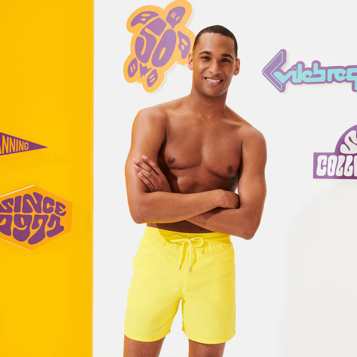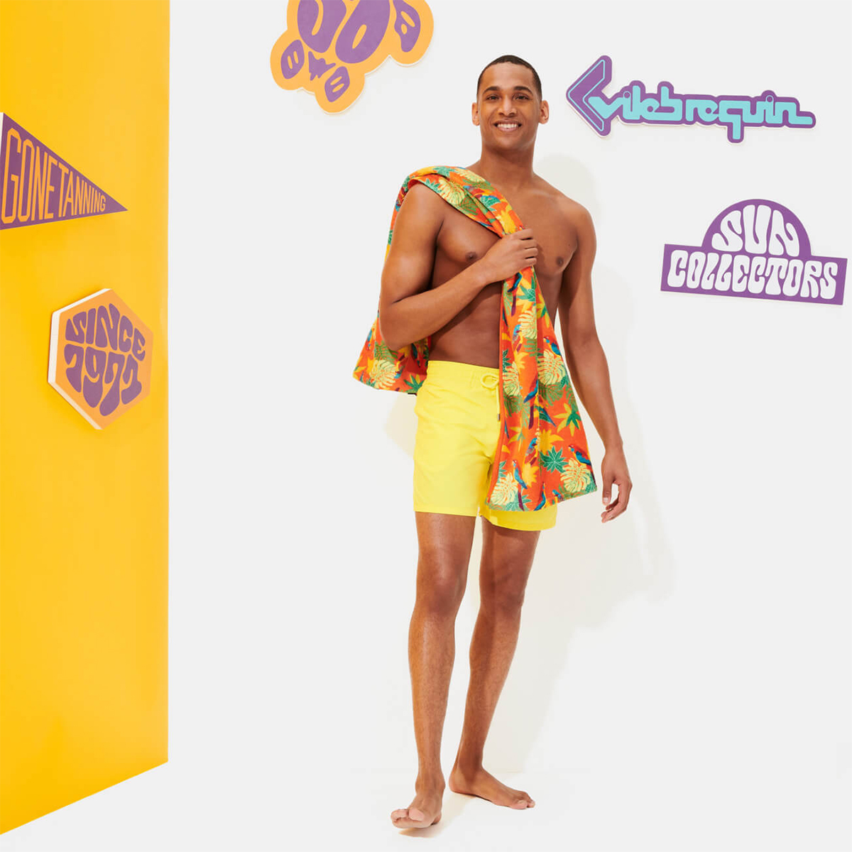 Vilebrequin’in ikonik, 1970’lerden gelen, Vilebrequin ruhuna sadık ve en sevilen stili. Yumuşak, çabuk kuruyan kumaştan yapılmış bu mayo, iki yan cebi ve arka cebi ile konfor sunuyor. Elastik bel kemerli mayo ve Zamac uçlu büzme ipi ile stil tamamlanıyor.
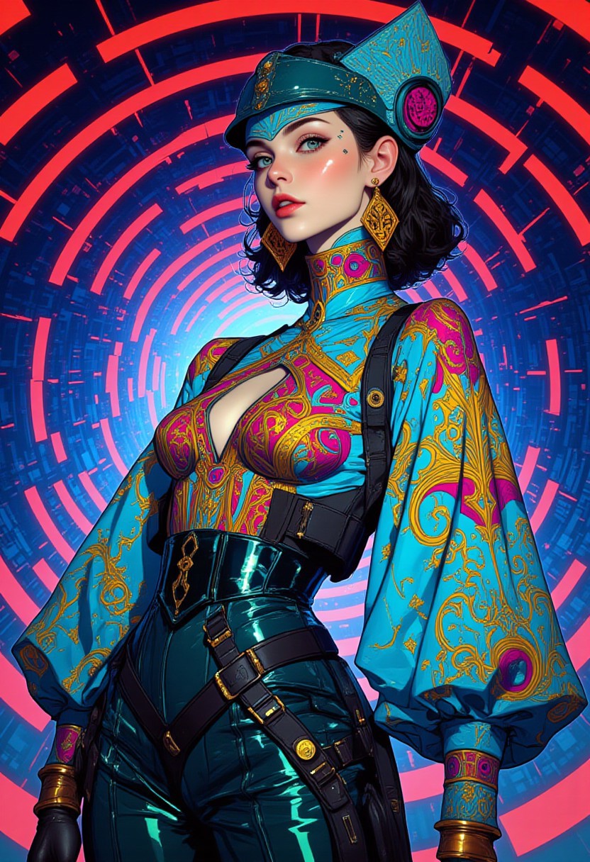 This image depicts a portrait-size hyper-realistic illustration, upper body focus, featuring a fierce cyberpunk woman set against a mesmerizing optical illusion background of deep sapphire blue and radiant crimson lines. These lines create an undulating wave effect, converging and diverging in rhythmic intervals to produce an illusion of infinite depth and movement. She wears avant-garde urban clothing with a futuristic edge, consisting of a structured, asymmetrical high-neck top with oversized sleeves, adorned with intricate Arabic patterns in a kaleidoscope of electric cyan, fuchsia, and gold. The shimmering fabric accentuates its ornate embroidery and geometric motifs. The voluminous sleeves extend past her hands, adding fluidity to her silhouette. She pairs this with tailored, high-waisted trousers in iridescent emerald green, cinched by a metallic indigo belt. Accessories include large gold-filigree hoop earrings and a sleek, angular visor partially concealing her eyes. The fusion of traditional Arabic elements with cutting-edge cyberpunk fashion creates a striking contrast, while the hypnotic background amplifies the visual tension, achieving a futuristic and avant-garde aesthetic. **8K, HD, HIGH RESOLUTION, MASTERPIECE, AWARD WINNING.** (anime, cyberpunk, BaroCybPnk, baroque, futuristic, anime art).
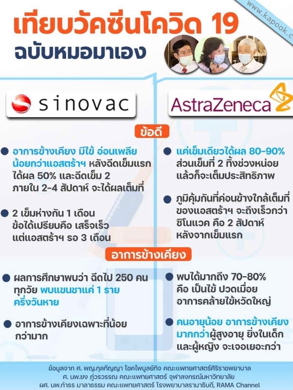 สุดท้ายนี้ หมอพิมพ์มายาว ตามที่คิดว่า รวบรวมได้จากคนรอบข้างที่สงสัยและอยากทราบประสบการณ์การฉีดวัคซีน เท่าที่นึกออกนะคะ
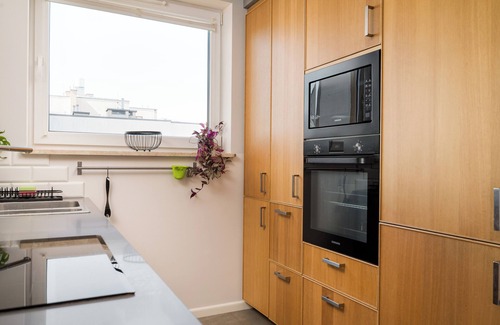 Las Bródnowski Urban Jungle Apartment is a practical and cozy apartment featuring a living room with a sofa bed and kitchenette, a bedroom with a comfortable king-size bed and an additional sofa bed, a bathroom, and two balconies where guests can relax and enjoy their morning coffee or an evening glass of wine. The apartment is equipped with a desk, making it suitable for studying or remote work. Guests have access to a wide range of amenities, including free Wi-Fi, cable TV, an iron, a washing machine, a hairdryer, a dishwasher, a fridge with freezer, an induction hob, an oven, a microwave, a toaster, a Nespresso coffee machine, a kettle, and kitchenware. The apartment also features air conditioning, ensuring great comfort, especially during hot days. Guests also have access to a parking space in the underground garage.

= Work request =
In the answer, give only the lines from the top of the data above through the line with "สุดท้ายนี้ หมอพิมพ์มายาว ตามที่คิดว่า", reproduced exactly; no picture may appear.

= Task response =
 Vilebrequin’in ikonik, 1970’lerden gelen, Vilebrequin ruhuna sadık ve en sevilen stili. Yumuşak, çabuk kuruyan kumaştan yapılmış bu mayo, iki yan cebi ve arka cebi ile konfor sunuyor. Elastik bel kemerli mayo ve Zamac uçlu büzme ipi ile stil tamamlanıyor.
 This image depicts a portrait-size hyper-realistic illustration, upper body focus, featuring a fierce cyberpunk woman set against a mesmerizing optical illusion background of deep sapphire blue and radiant crimson lines. These lines create an undulating wave effect, converging and diverging in rhythmic intervals to produce an illusion of infinite depth and movement. She wears avant-garde urban clothing with a futuristic edge, consisting of a structured, asymmetrical high-neck top with oversized sleeves, adorned with intricate Arabic patterns in a kaleidoscope of electric cyan, fuchsia, and gold. The shimmering fabric accentuates its ornate embroidery and geometric motifs. The voluminous sleeves extend past her hands, adding fluidity to her silhouette. She pairs this with tailored, high-waisted trousers in iridescent emerald green, cinched by a metallic indigo belt. Accessories include large gold-filigree hoop earrings and a sleek, angular visor partially concealing her eyes. The fusion of traditional Arabic elements with cutting-edge cyberpunk fashion creates a striking contrast, while the hypnotic background amplifies the visual tension, achieving a futuristic and avant-garde aesthetic. **8K, HD, HIGH RESOLUTION, MASTERPIECE, AWARD WINNING.** (anime, cyberpunk, BaroCybPnk, baroque, futuristic, anime art).
 สุดท้ายนี้ หมอพิมพ์มายาว ตามที่คิดว่า รวบรวมได้จากคนรอบข้างที่สงสัยและอยากทราบประสบการณ์การฉีดวัคซีน เท่าที่นึกออกนะคะ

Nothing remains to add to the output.